Mea culpa. Like I said in the post, I'm not a blogger. I just threw some static html up not thinking of how it would interact with my site styles when needed to scroll. There's now a bit of UA sniffing in there that will display a simple text version if viewed on an iOS device.

As an aside, is it really so unusual to see an iOS (or any mobile platform developer) ignorant of their platform's corner-cases when it comes to things like mail or the web? We spend all our time on laptops coding, just like everyone else ;-)


if the red of the lhs is distracting, try this

javascript:document.getElementById('menu').style.backgroundColor="#c0c0c0"

[Edit: just realised it's only red if your mouse is over that area, which mine was]


Pearls before swine.

I have no bias against Mr. Murdoch but why waste the limited amount of time and energy afforded each of us by freely offering unrequested and uncompensated advice?


...because every one of us reading these reviews is thinking "I don't want my app to suffer the same fate. Let's make a note about what not to do..."

It's also easier to remember tips and dictums when given an example to ponder than if provided in a vacuum.
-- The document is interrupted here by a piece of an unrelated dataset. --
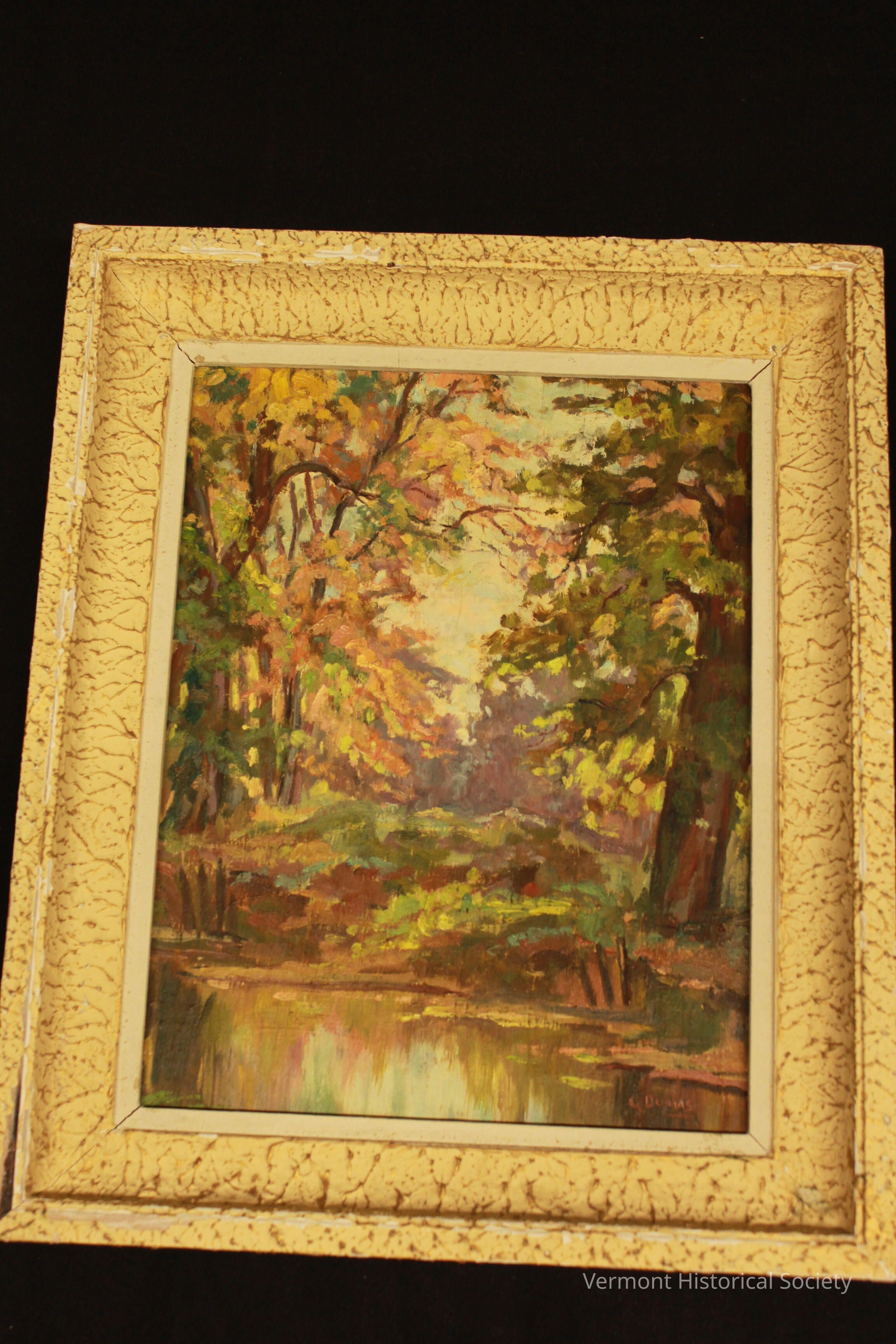 Oil painting of a woodsy scene in fall with a pond or stream in the foreground. Artist is A Dumas of Bordeaux. It is framed in gold and cream and the finish is chipped.Context

Good way for the author who works in the area to be able to organize their thoughts on the app. Without the structure of the blog post it can be hard to clear your mind and gain some insight from what you are seeing.


If I was Apple Inc, I would be happy with people who came up with ideas like the "The Daily." It provides Apple another source of high revenue for almost zero cost. The only thing Apple would need to setup is a payment system for this type of content.